Generally speaking, our report goes in-line with other reports on the adverse effects of diabetes on outcomes post cardiac surgery such deep sternal wound infection , neurocognitive dysfunction  and kidney injury .
Novel imaging modalities have been described to diagnose subclinical cardiac dysfunction in patients with diabetes (with or without other co-morbidities), overcoming the conventionally used EF. Some of the limitations of EF include: load-dependency, lack of assessment of the function of the more vulnerable longitudinally arranged subendocardial fibers, and the inability to assess ventricular systolic dysfunction that is not associated with changes in ventricular cavity such as hypertrophic cardiomyopathy . Assessment of cardiac mechanics along the longitudinal, radial and circumferential axes using speckle tracking echocardiography (STE) and cardiac magnetic resonance imaging (CMRI) has made it possible to overcome some of the limitations of conventionally used echocardiographic modalities used to diagnose systolic and diastolic cardiac dysfunction, such as load-, heart rate- and insonation angle-dependency. Strain and strain rate, torsion and synchrony are all examples of cardiac mechanics that can be sought using three dimensional speckle tracking (refer to use of ultrasonic markers that interact with ventricular tissue motion) and CMRI to detect regional and global systolic and diastolic cardiac dysfunction. The use of these modalities has shown superiority over conventional echocardiographic indices in multiple clinical trials [21-23].

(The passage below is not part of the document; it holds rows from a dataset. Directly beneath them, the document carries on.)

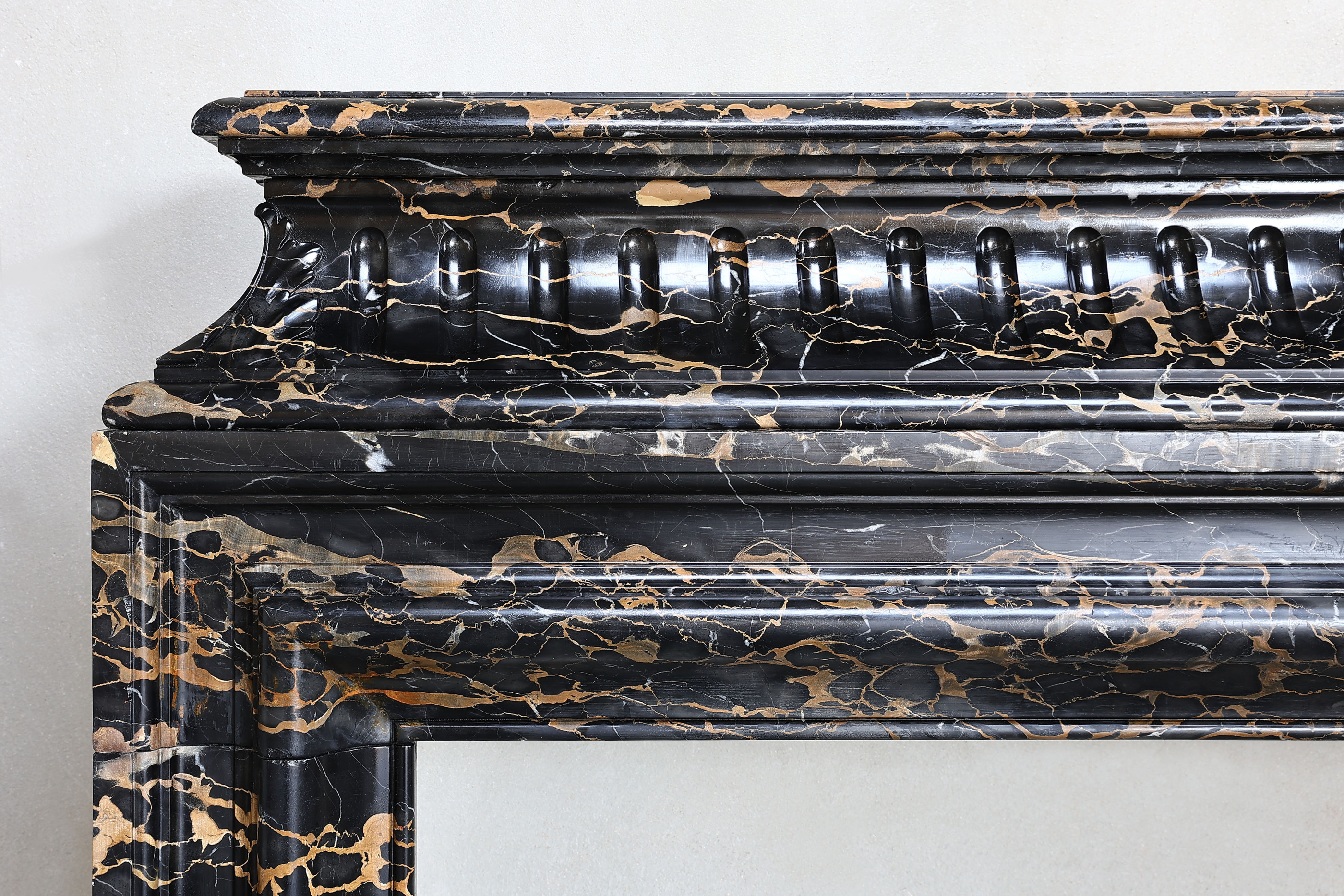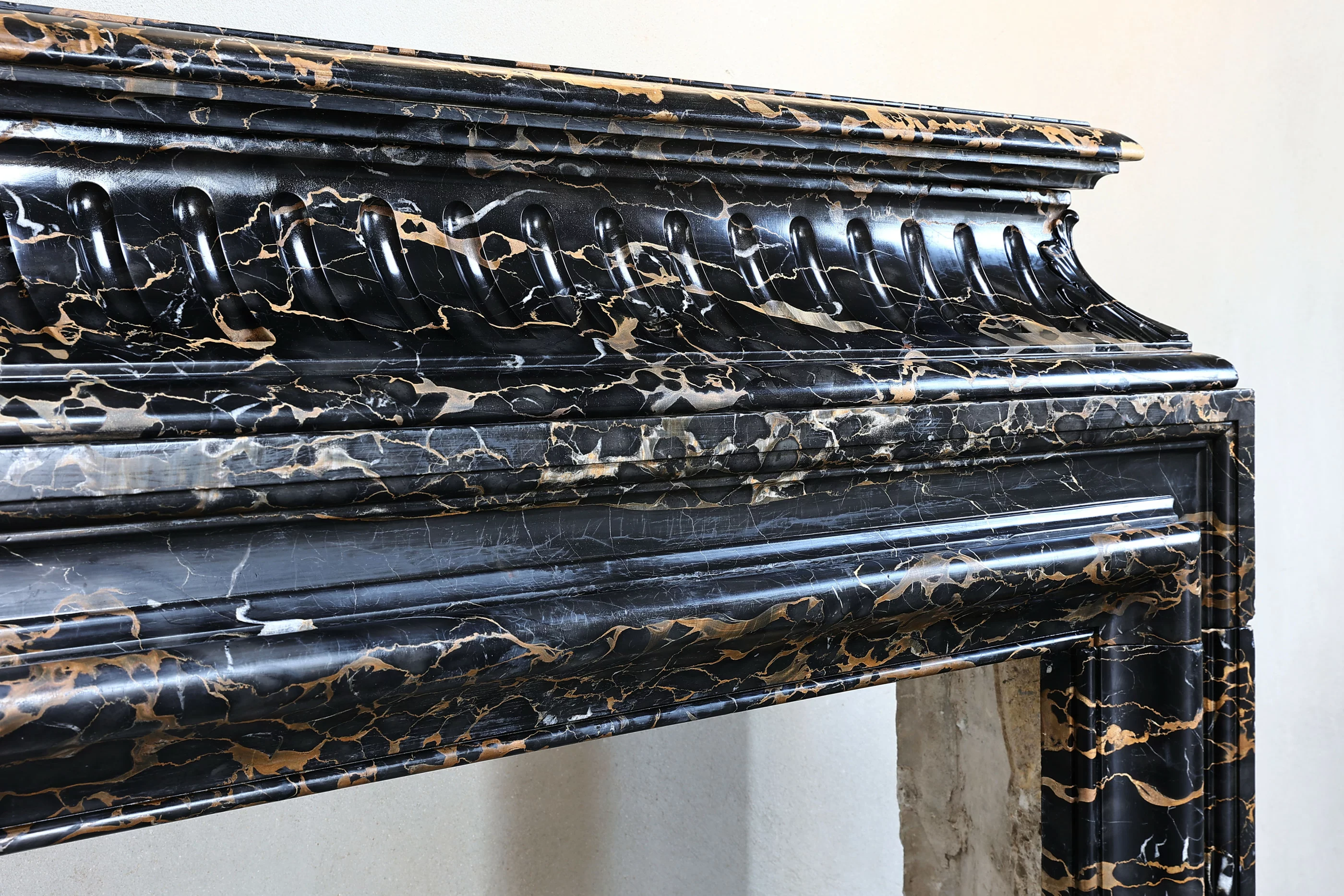 Schöner einzigartiger Kamin aus Portoro Marmor. Portoro Marmor hat seinen Ursprung in Italien und ist ein sehr schöner warmer Marmor in dunkelbraun/schwarz mit schönen geflammten Adern! Dieser antike Kamin stammt aus dem 19. Jahrhundert und ist im Stil von Louis XIII. Ein sehr schöner Kamin mit Riffelung im vorderen Teil und schönen Linien.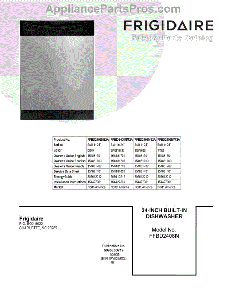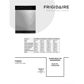 Parts for Frigidaire FFBD2408NM2A: 01 - Cover Sheet Parts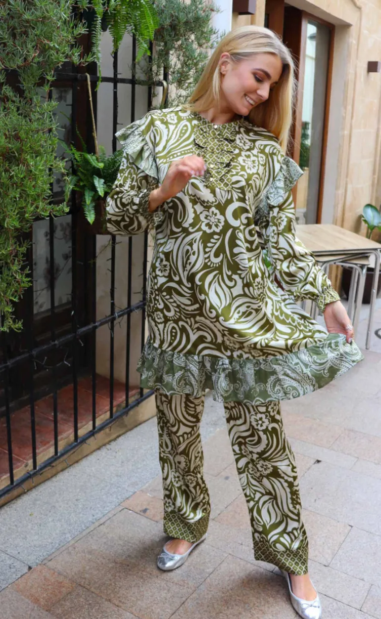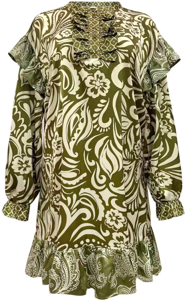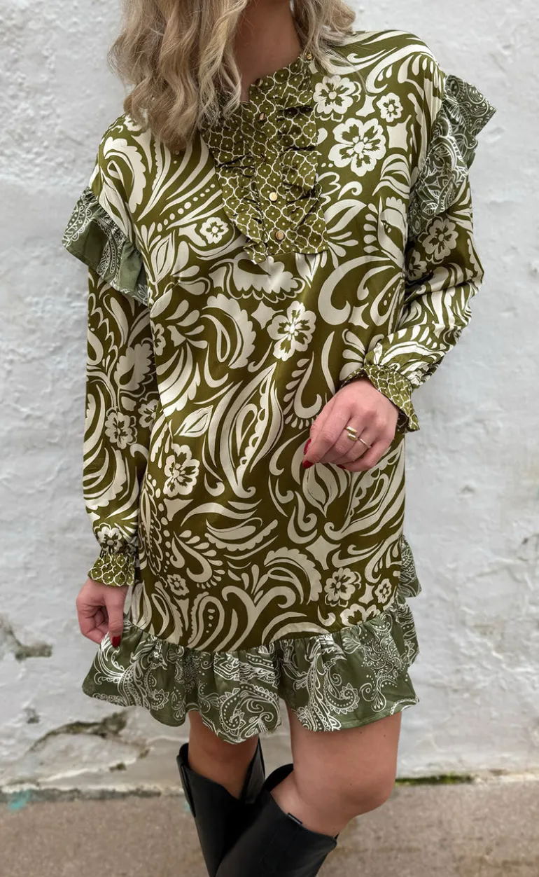 Kjolen går til lige over knæet, og har nogle flotte flæse detajler.

Based on this case, it is appreciated that diabetes adversely affects cardiac function in cardiac surgical patients by myriad of mechanisms. As a result, diabetes should be more rigorously investigated in the preoperative evaluation of cardiac surgical patients. This entails the use of non-conventional imaging techniques (mentioned above), beyond what is conventionally performed for non-diabetic cardiac surgical patients. More powered studies are needed to investigate the prognostic implications of these measures, as well as the role of potential novel therapies in improving the outcome of diabetic cardiac surgical patients.